Sun Li-xia, Wang Zheng, Yang Bin, Liu Juan, Qiu Ping, Chen Jia-qi
Zhongshan Ophthalmic Center, Sun Yat-sen University, Guangzhou 510060, China.
Zhonghua Yan Ke Za Zhi. 2005 Jun;41(6):492-7.
To study the proliferation activity of corneal epithelial cells and the apoptosis of keratocytes in the rabbit cornea after treatment with 20% ethanol. The results were compared to the cornea treated with mechanical scraping of the epithelial cells.
The experimental group consisted of 42 rabbits. One of the two corneas of each rabbit was incised by 8 mm epithelial trephine using in LASEK and was exposed to 20% ethanol (in distilled water) in the trephine for 40 seconds. In the other eye, the corneal epithelium in the central area was mechanically scraped. The rabbits in the experimental group were randomly divided into seven sub-groups. Each sub-group had six rabbits and the rabbits were killed at 0, 4 hours, 1, 3, 5, 8 and 30 days after the surgery. Three rabbits without any treatment were used as blank controls. Immunohistochemical staining (Ki-67 antigen) was performed to detect the proliferation of corneal epithelial cells. Apoptotic cells were detected by TUNEL assay. Number of keratocytes in the central anterior stroma of cornea was determined by counting the total number of cells under 400 x magnification field in hematoxylin-eosin-stained corneal sections.
In the ethanol-treated eyes, the number of Ki-67 positive cells peaked 5 days after the treatment in the central corneal epithelium and 1 day after the treatment in the peripheral corneal epithelium. TUNEL-positive cells were detected in the anterior central stromal keratocytes under the epithelial incisions and the number of TUNEL-positive cells reached a peak 4 hours after the treatment. There was no statistically significant difference in the number of central anterior stromal keratocytes between the ethanol-treated group and the controls (P = 0.68). In the mechanical scraping group, the number of Ki-67 positive cells in the peripheral corneal epithelium peaked 3 days after the treatment. The number of Ki-67 positive cells in the peripheral corneal epithelium of the scraping group was greater than that of the ethanol-treated group. TUNEL-positive cells were detected in the anterior central stromal keratocytes and reached a peak 4 hours after the scraping. The number of central anterior stromal keratocytes was decreased maximally 1 day after the scraping (P < 0.01).

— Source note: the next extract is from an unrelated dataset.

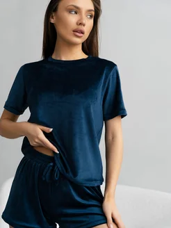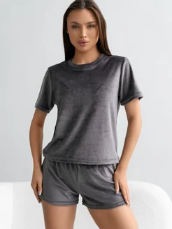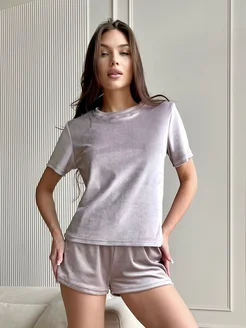 Пижама домашняя велюровая с шортами и футболкой

The cornea injury caused by treatment with 20% ethanol for 40 seconds is milder than that caused by mechanical scraping. The wound-healing process in the ethanol-treated cornea is faster than that of the cornea treated with scraping. Corneal epithelium treated with 20% ethanol for 40 seconds can protect the stromal keratocytes.

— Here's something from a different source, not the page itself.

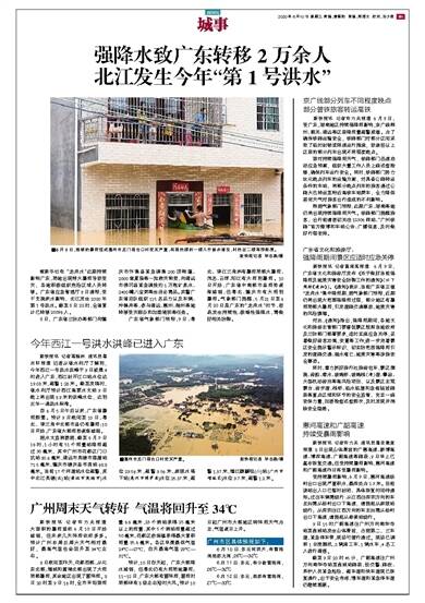强降水致广东转移2万余人 北江发生今年“第1号洪水”

研究20%乙醇处理后兔角膜上皮细胞的增殖活性及角膜基质细胞的凋亡情况,并与机械刮除上皮细胞处理的角膜进行结果对比。
实验组有42只兔。每只兔的两只眼中,一只眼采用准分子激光上皮下角膜磨镶术(LASEK)用8mm上皮环钻切开,在环钻内暴露于20%乙醇(溶于蒸馏水)中40秒。另一只眼,中央区域的角膜上皮进行机械刮除。实验组的兔被随机分为7个亚组。每个亚组有6只兔,分别在术后0、4小时、1、3、5、8和30天处死。3只未做任何处理的兔作为空白对照。采用免疫组织化学染色(Ki-67抗原)检测角膜上皮细胞的增殖情况。通过末端脱氧核苷酸转移酶介导的缺口末端标记法(TUNEL法)检测凋亡细胞。通过对苏木精-伊红染色的角膜切片在400倍放大视野下计数角膜中央前基质层的角膜基质细胞总数来确定其数量。
在乙醇处理的眼中,中央角膜上皮中Ki-67阳性细胞数量在处理后5天达到峰值,周边角膜上皮中在处理后1天达到峰值。在上皮层切口下方的中央前基质层角膜基质细胞中检测到TUNEL阳性细胞,其数量在处理后4小时达到峰值。乙醇处理组与对照组中央前基质层角膜基质细胞数量无统计学显著差异(P = 0.68)。在机械刮除组中,周边角膜上皮中Ki-67阳性细胞数量在处理后3天达到峰值。刮除组周边角膜上皮中Ki-67阳性细胞数量多于乙醇处理组。在中央前基质层角膜基质细胞中检测到TUNEL阳性细胞,在刮除后4小时达到峰值。刮除后1天中央前基质层角膜基质细胞数量减少最多(P < 0.01)。
20%乙醇处理40秒引起的角膜损伤比机械刮除引起的损伤轻。乙醇处理的角膜伤口愈合过程比刮除处理的角膜快。20%乙醇处理40秒可保护角膜基质细胞。